_Task instructions:_ In the records below, find the line with "右が私が食事をした「道頓堀」。 食事時にはお客さんが溢れています。 |", then copy each line exactly until you have copied the line with "Shaded: t-Distribution with". Leave any picture out.

_Input for this task:_
⁂

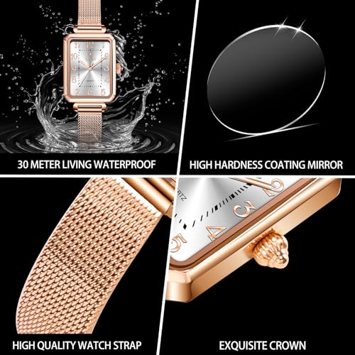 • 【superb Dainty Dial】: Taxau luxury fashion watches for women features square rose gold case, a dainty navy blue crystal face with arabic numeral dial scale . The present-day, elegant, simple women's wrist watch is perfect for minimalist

⁂

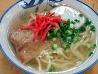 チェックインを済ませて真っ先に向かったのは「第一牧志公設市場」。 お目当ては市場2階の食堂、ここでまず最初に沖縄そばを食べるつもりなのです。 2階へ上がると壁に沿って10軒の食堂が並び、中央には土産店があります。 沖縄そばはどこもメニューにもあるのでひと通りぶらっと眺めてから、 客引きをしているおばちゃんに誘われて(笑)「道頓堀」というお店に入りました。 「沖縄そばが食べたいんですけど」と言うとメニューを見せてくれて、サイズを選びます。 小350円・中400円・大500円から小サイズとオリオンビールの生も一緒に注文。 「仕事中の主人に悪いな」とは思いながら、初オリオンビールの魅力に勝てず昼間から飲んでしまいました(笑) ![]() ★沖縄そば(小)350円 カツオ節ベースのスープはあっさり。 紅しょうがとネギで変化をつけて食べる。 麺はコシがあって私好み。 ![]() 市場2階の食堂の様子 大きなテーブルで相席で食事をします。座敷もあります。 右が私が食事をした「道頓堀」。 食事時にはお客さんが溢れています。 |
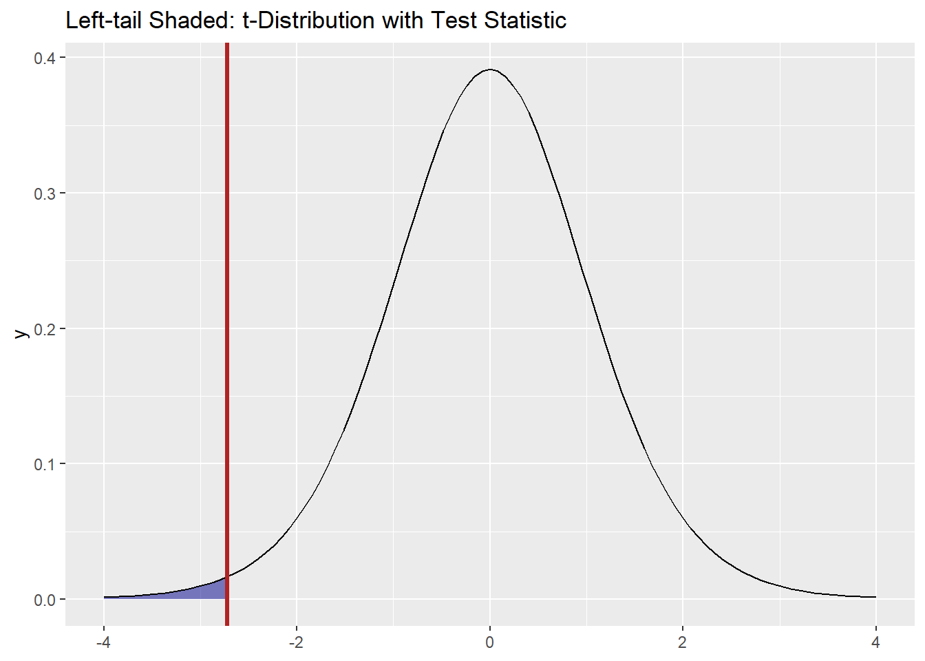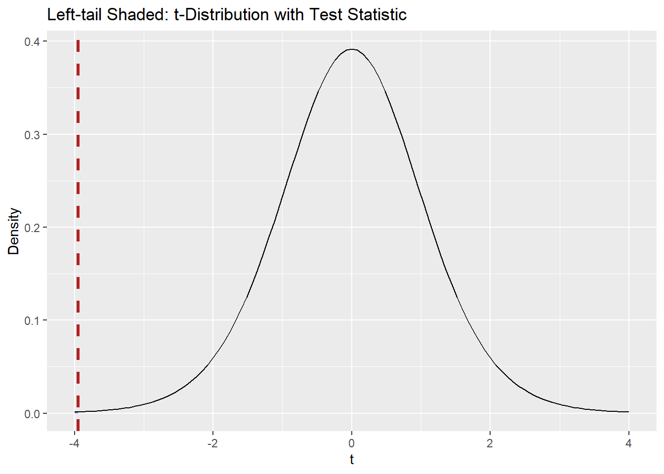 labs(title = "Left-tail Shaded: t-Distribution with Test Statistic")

⁂

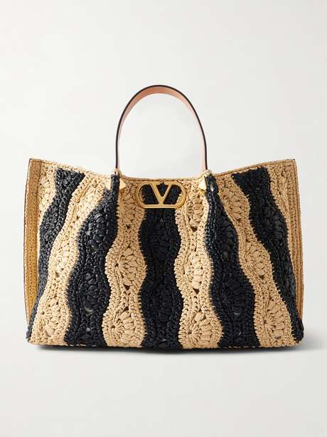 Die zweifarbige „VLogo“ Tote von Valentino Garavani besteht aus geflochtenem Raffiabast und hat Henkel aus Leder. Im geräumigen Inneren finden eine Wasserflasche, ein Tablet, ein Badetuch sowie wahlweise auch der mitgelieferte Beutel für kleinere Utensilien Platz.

⁂

_Response box:_
 チェックインを済ませて真っ先に向かったのは「第一牧志公設市場」。 お目当ては市場2階の食堂、ここでまず最初に沖縄そばを食べるつもりなのです。 2階へ上がると壁に沿って10軒の食堂が並び、中央には土産店があります。 沖縄そばはどこもメニューにもあるのでひと通りぶらっと眺めてから、 客引きをしているおばちゃんに誘われて(笑)「道頓堀」というお店に入りました。 「沖縄そばが食べたいんですけど」と言うとメニューを見せてくれて、サイズを選びます。 小350円・中400円・大500円から小サイズとオリオンビールの生も一緒に注文。 「仕事中の主人に悪いな」とは思いながら、初オリオンビールの魅力に勝てず昼間から飲んでしまいました(笑) ![]() ★沖縄そば(小)350円 カツオ節ベースのスープはあっさり。 紅しょうがとネギで変化をつけて食べる。 麺はコシがあって私好み。 ![]() 市場2階の食堂の様子 大きなテーブルで相席で食事をします。座敷もあります。 右が私が食事をした「道頓堀」。 食事時にはお客さんが溢れています。 |
 labs(title = "Left-tail Shaded: t-Distribution with Test Statistic")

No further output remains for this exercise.